# Milo!



## ocalapilot (Mar 19, 2020)

Hello everyone, this is my first post here. I walk my cat on a leash and enjoy taking pictures of him while I do it.

Then I played around with photoshop to enhance them.





























Sent from my iPhone using Tapatalk


----------



## Derrel (Mar 19, 2020)

What a cool cat you have! I like the photos too!


----------



## snowbear (Mar 19, 2020)

KITTEH!


----------



## Jeff G (Mar 19, 2020)

Nice enhancements!


----------



## Jeff15 (Mar 20, 2020)

Nice set.......


----------



## ocalapilot (Mar 20, 2020)

Derrel said:


> What a cool cat you have! I like the photos too!



He’s a Mokave Jag cat. He’s definitely more unique as a cat than I am as a photographer. 

He likes to climb the trees when I take him for a walk.






























Sent from my iPhone using Tapatalk


----------



## ocalapilot (Mar 20, 2020)

He thinks he’s a dog.













Sent from my iPhone using Tapatalk


----------



## K9Kirk (Mar 21, 2020)

Back in the Cheech & Chong day you didn't need Photoshop to see cats like that. 

Nice set ... nice set.


----------



## Winona (Mar 24, 2020)

I like 1 and 6. Enjoyed all of them. Cool cat.


----------



## ocalapilot (Mar 25, 2020)

Winona said:


> I like 1 and 6. Enjoyed all of them. Cool cat.

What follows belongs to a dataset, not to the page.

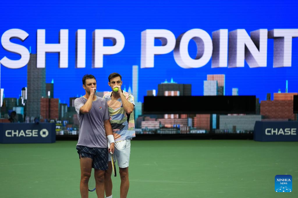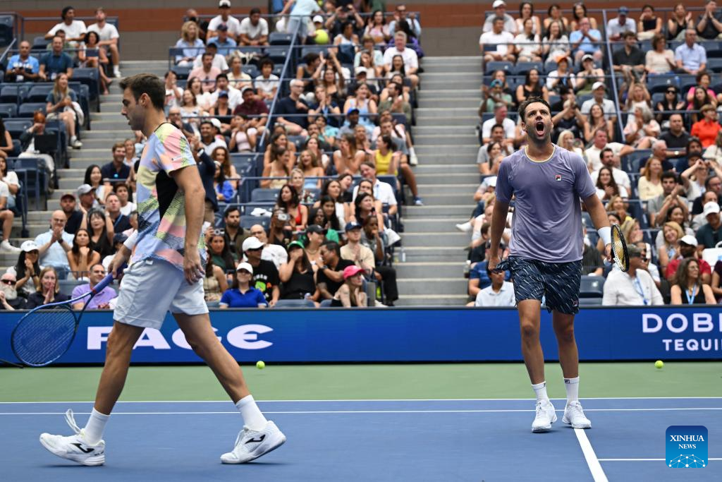 Marcel Granollers (R)/Horacio Zeballos communicate during the men's doubles final match between Marcel Granollers of Spain/Horacio Zeballos of Argentina and Joe Salisbury/Neal Skupski of Britain at the 2025 US Open tennis championships in New York, the United States, Sept. 6, 2025. (Xinhua/Wu Xiaoling)

Those are on the top of my list too. Thanks for the comment.


Sent from my iPhone using Tapatalk


----------



## terri (Mar 25, 2020)

He's a great looking cat!  Post pics of Milo anytime.   

He is clearly a great companion.


----------



## ocalapilot (Mar 20, 2021)

Hope you’re all doing well.

Here’s a few more pics of Milo in action!


Sent from my iPhone using Tapatalk


----------



## K9Kirk (Mar 20, 2021)

I do believe that Milo just may be the coolest kitty on four paws. Give him a pat on the head for me, would you?


----------